Detrás de ella, uno de los guardias cogió un teléfono y el otro pulsó un botón rojo que había en la pared, lo que disparó una alarma que retumbó en todo el pasillo.

¿Qué estaba pasando? Constable no lo entendía. ¿Dónde estaba Weir?

Se volvió hacia la mujer y vio que tenía en la mano un pulverizador de gas pimienta, la única arma permitida en el Centro de Detención. Consideró la situación todo lo rápidamente que pudo y se puso a proferir gemidos de dolor mientras se sujetaba el vientre.

– ¡Alguien ha entrado aquí! Era otro preso. ¡Y ha intentado matarnos! -Escondiendo el lápiz, con las manos ensangrentadas se asió con fuerza la tripa-. ¡Estoy herido, me han apuñalado!

Una mirada hacia el exterior: no había aún ni rastro del Hombre Mágico.

La mujer frunció el ceño y recorrió con la mirada la celda, mientras Constable se desplomaba sobre el suelo y pensaba: «Cuando se acerque a mí, le clavaré el lápiz en la cara. Tal vez en el ojo. Podía apartar el pulverizador y rociarle con él los ojos o la boca. Quizá ponerle el lápiz en la espalda: los guardias pensarían que era un arma y le abrirían la puerta.
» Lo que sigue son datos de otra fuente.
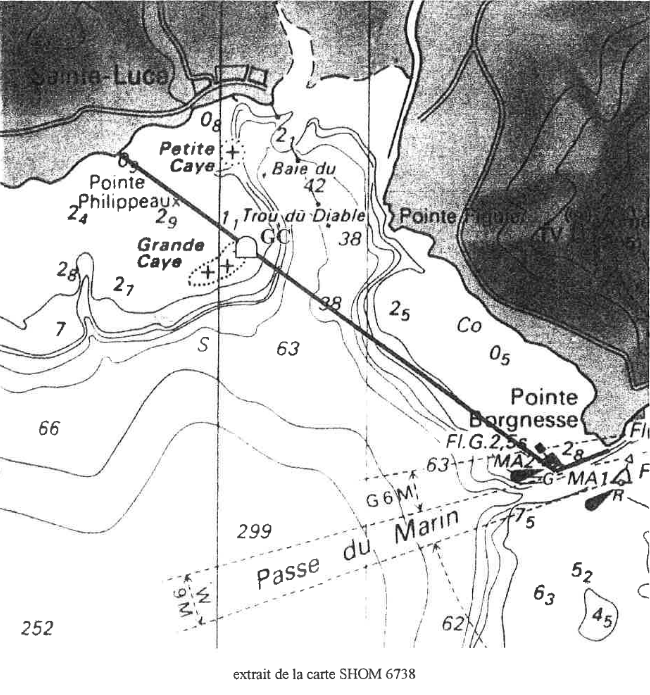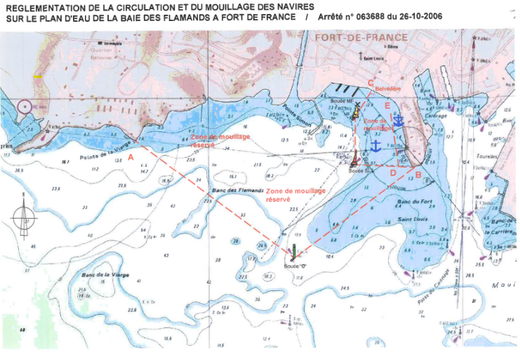 De plus, le mouillage est interdit dans la bande située le long du Fort Saint-Louis, entre le littoral et les points D et E sur la carte ci-dessous.

Weir debía de estar cerca…, tal vez estaba ya en las puertas de seguridad».

Vamos, preciosa, acércate un poco más. Puede que llevara un chaleco antibalas, se dijo a sí mismo; apunta hacia esa cara bonita.

– ¿Y su abogado? -le preguntó ella inclinándose sobre Roth-. ¿También le han apuñalado?

– Sí. Era un preso negro. Dijo que yo era un racista. Dijo que quería darme una lección. -Tenía la cabeza agachada, pero podía sentir que ella se estaba acercando-. Joe está malherido. ¡Tenemos que ayudarle!

Sólo unos pocos centímetros más…

O si es un hombre blanco con buena pinta, no le falta ningún diente y va vestido con ropa que no huele a demonios…, entonces… ¿no tendrían el dedo en el gatillo un poco menos dispuesto para disparar?

Constable gimió.

La sentía muy cerca.

– Déjeme ver la herida, a ver si es grave -dijo ella.

Agarró el lápiz con fuerza. Se preparó para saltar. Miró hacia arriba para ver la posición exacta de su blanco.

Pero lo que vio fue la boquilla del pulverizador a dos palmos de sus ojos.

Ella apretó con el índice y el chorro de vapor le dio en plena cara. Un centenar de agujas calientes que le perforaron la boca, la nariz y los ojos.